I’m going to run through three today, in the hope of limiting this set of posts to just five…
6. Superficial action is forbidden.
Another one I would be very interested to try as a device, just not right now. What they mean by “superficial action” is, basically, violence, or the threat of violence. They’ve quite accurately homed in the the fact that the metaphor for interpersonal conflict in LARP is, well, actual conflict. When two characters cannot agree to disagree, their methods for settling their squabble, nine times out of ten, are some form of violence, be it physical or supernatural. I can bang on for a bit about why this is, but it basically comes down to “blah blah, root of hobby, power fantasy, blah blah”.
The point here is that it seems to be pretty much the one and only device for building tension – the threat of violence. Even when the tension is not about violence itself, in that moment, it’s about something happening that might lead to violence at some future point. And that’s kinda bad. There are far more LARPs where the key feature is violence, rather than love or sex, and that’s a whole can of worms in itself, that I’ll save for a future post – this is a topic I’d like to come back to.
I’ve (more or less) done this one, pretty much by accident as it happens, in Testament, a game where the only violence that ever occurred was NPC-on-NPC. That said, I’m not sure it worked, but I think there were a lot of things going on with that game…
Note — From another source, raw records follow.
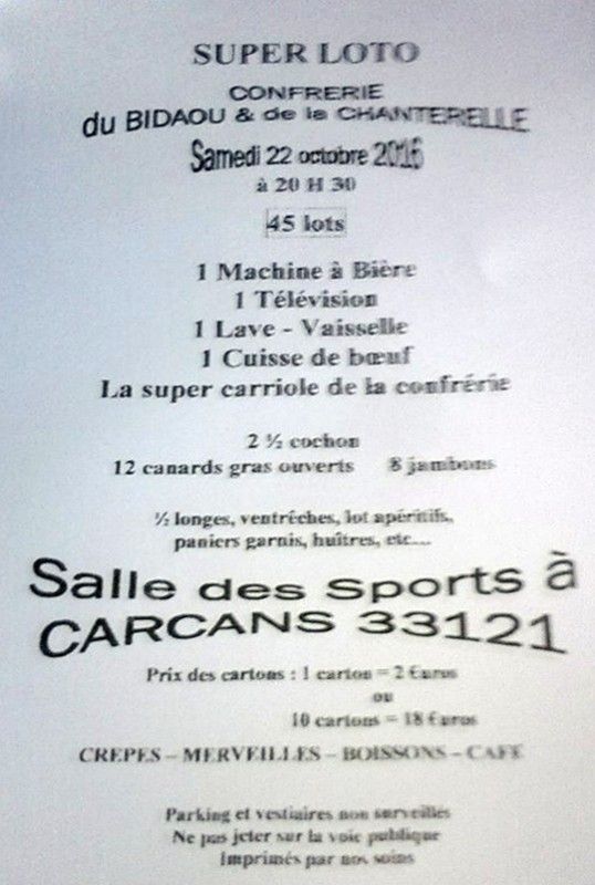 Grand loto de la confrérie de la chanterelle et du Bidaou.
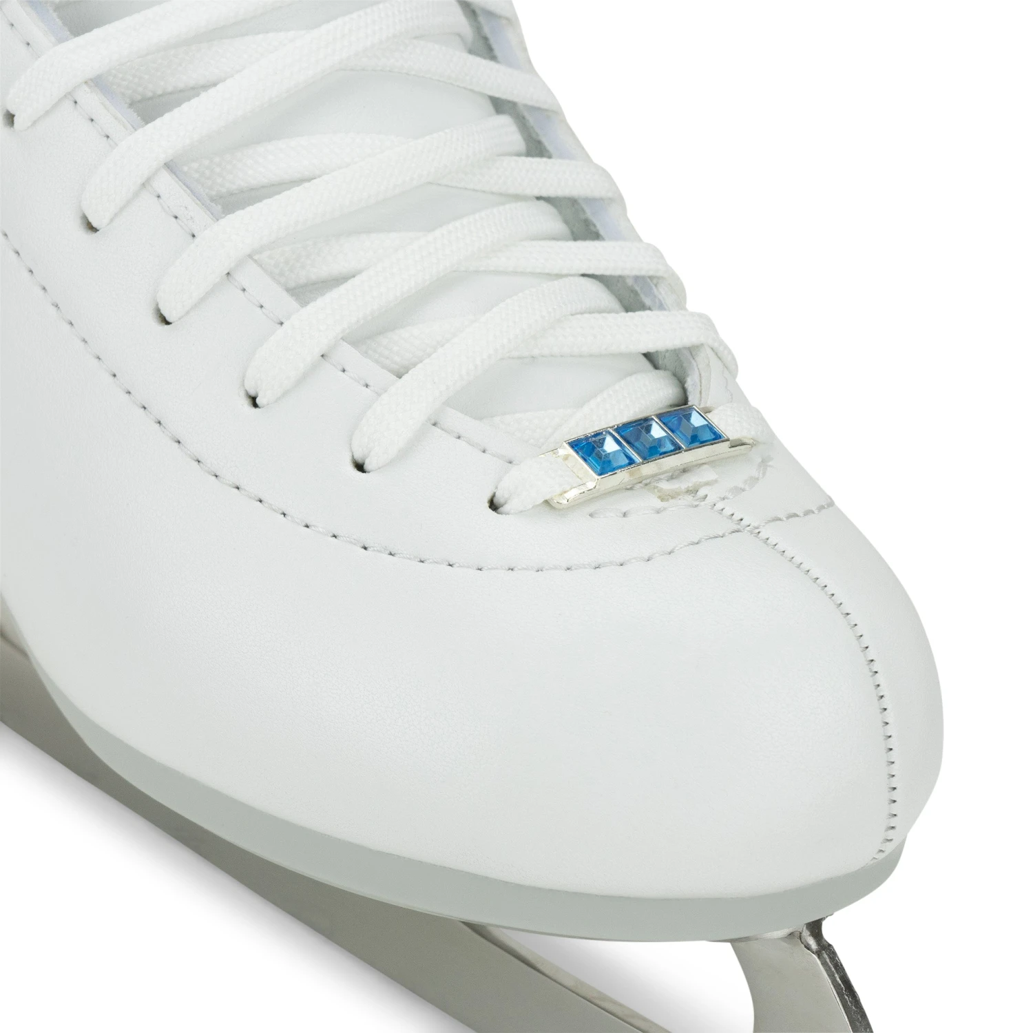 This skate set also offers a modern ergonomic toe fit for out-of-the-box comfort. The plush hand rolled collar provides relief to the Achilles tendon and a flex notch design facilitates proper knee and ankle bend. Beyond the technical features, each skate is adorned with faux crystals in the backstay and a decorative gem lace bar for added sparkle on the ice.
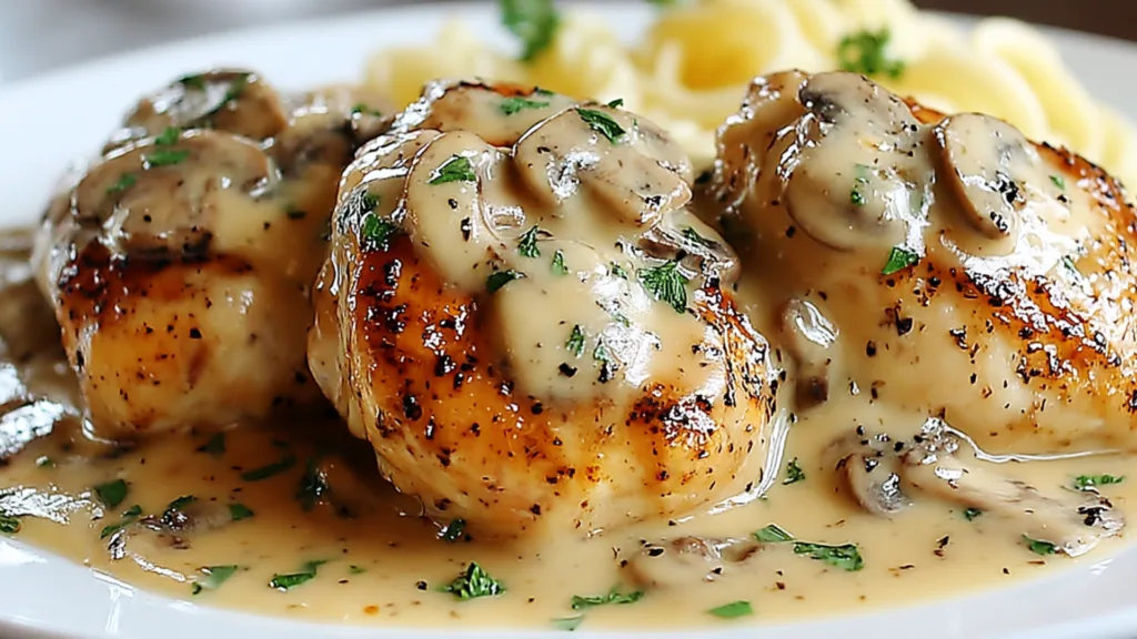 Yes. The mushroom cream sauce can be made up to a day ahead and stored in the refrigerator. Reheat gently on the stovetop with a splash of cream or broth to loosen it before adding the chicken.
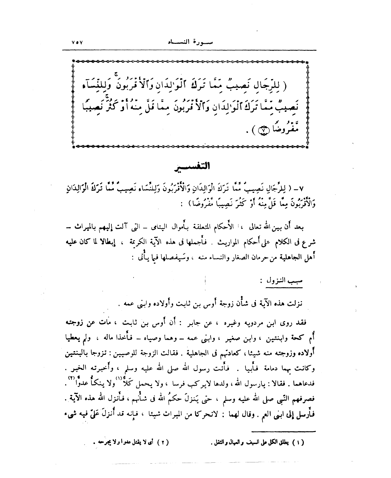 {لِلرِّجَالِ نَصِيبٌ مِمَّا تَرَكَ الْوَالِدَانِ وَالْأَقْرَبُونَ وَلِلنِّسَاءِ نَصِيبٌ مِمَّا تَرَكَ الْوَالِدَانِ وَالْأَقْرَبُونَ مِمَّا قَلَّ مِنْهُ أَوْ كَثُرَ نَصِيبًا مَفْرُوضًا (7)}.
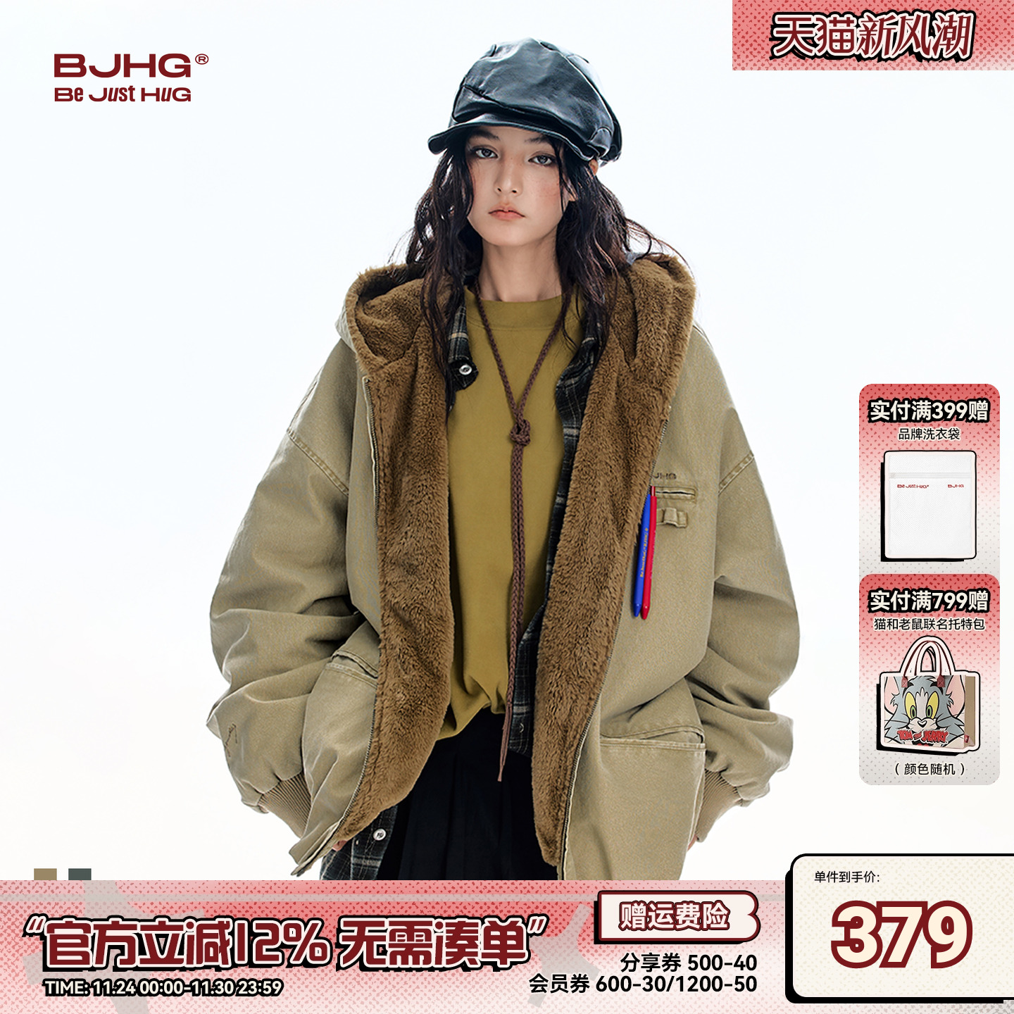 [Star Same Style] ER two-sided wearing mountain carved suede fur collar hooded jacket cleanfit American couple outfit
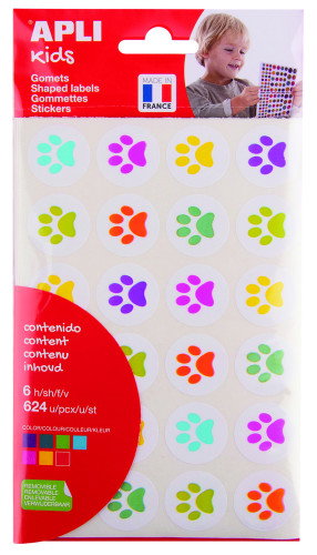 "BOLSA DE GOMETS EN FORMA DE HUELLAS DE GATITOS EN TAMAÑOS Y COLORES SURTIDOS: VERDE OSCURO, ROJO, VERDE, AZUL, AMARILLO, LILA Y ROSA. CADA BOLSA CONTIENE 6 HOJAS CON 288 GOMETS.
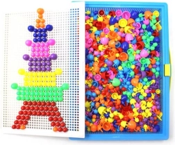 Dit speelgoed is geliefd bij generaties kinderen en wordt nostalgisch herinnerd door volwassenen. Eenvoudige constructie bestaande uit gekleurde plastic paddenstoeltjes in verschillende groottes en een geperforeerde basisplaat voor het insteken ervan. Alles is opgeborgen in een compacte koffer, zodat uw kind zijn favoriete speelgoed overal mee naartoe kan nemen.
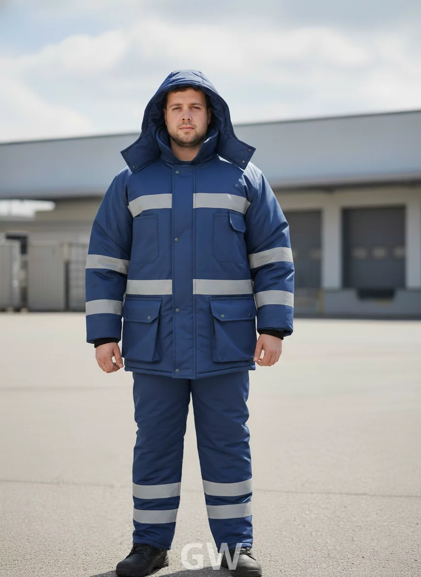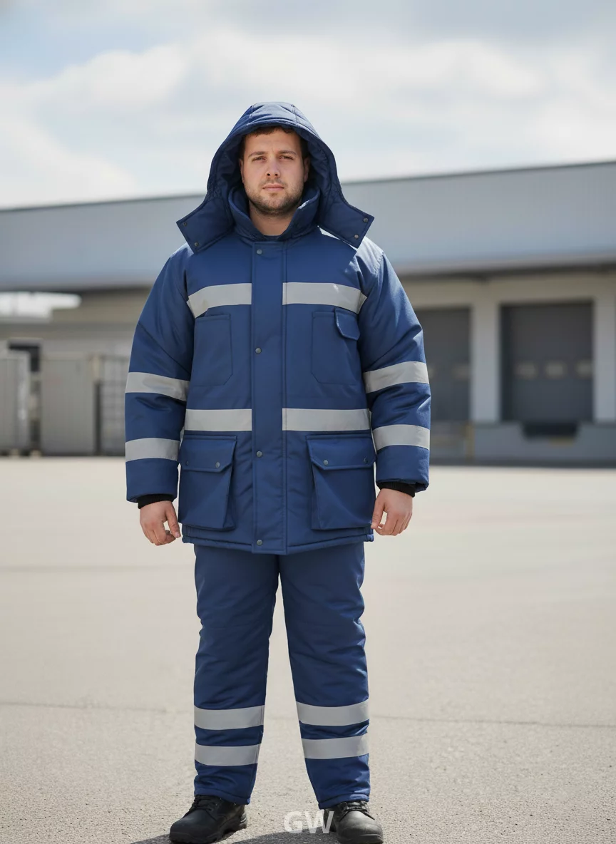 صُممت بدلة التجميد المكونة من ثلاث قطع - التي تتكون من سترة مقاومة للتجمد وسروال معزول وغطاء للرأس - لحماية العمال من ظروف البرد القارس في المبردات ومستودعات التخزين البارد وبيئات التجميد الخارجية. هذه البدلات ضرورية للحفاظ على دفء الجسم
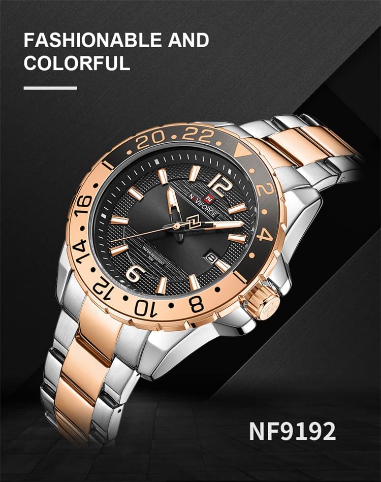 Naviforce - ساعة للرجال من نافي فورس، مصنوعة من فولاذ مقاوم للصدأ بحركة كوارتز، مقاومة للماء، مع خاصية التقويم والفضاء اللوني المعياري أحمر وأخضر وأزرق، موديل nf9192
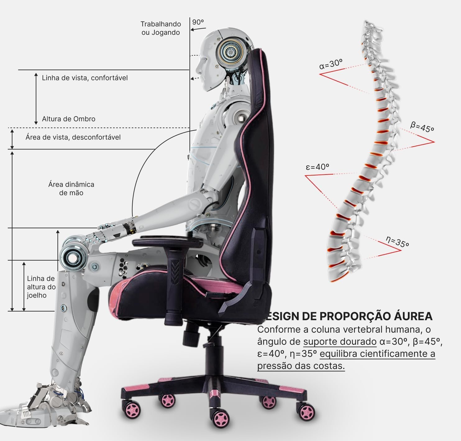 • Ergonomia: Excelente suporte para a coluna e o pescoço.

Actually, now I think of it, while I wouldn’t claim to have done it in Restitution, it’s notable that absolutely none of the NPCs had an agenda that revolved around wanting to hurt or do violence to anyone. Some of them did wind up forced into it, but none of them wanted it. I suspect that will continue to do for my purposes – I tend to think an NPC whose agenda is actually to do violence is somewhere between stupid and dull. But overall, I’m not ready to remove “superficial action” from the toolbox just yet, particularly as the current front-runner idea for the setting for the next game is the aftermath of a war. It would feel thematically inconsistent to remove that kind of threat from this one.
But I think I’d quite like to run a short game at some point where violence is specifically off the table as a device.
7. LARP inspired by tabletop role-playing games are not accepted.
Yeah, look, just no. I like pulpy supernatural games. I may not be running a game entirely as per any published tabletop rulebooks, but I like them, and it would be disingenuous to claim I’m not inspired by them. I get why the rule is on the manifesto – it’s about breaking the form out of it’s constraints, but honestly I think 15 years on those constraints have been well broken, and I’m OK with running what I like.
8. No object shall be used to represent another object.
This is a lot easier to do if you’re running one offs, with no violence or supernatural elements. That said: the players in my games do pretty well for creating props, and I love them for it. But as I keep saying, “doesn’t suit the kind of games I run”. While many characters are unarmed, some of my players like to arm their characters (and as I said above, I don’t think I’ll be banning it), and I’m not having real weapons in my time in, thanks. I’ll take foam representations, thanks. That said, I m usually pretty strict on the idea that the representative object must solidly resemble the item it’s representing, unless that’s totally physically impossible.
Key ideas to consider for the next game:
- Er, not a lot, I don’t think. It feels a bit like these posts are starting to degenerate into me justifying why I can’t run a Dogma 99 LARP, which wasn’t the plan, but there we are. This set, though, do make me interested in running some one-offs with some or all of these rules, particularly the absolute prohibition on violence or threat of as a dramatic device. I really do think that’s strong. Just not for the next game.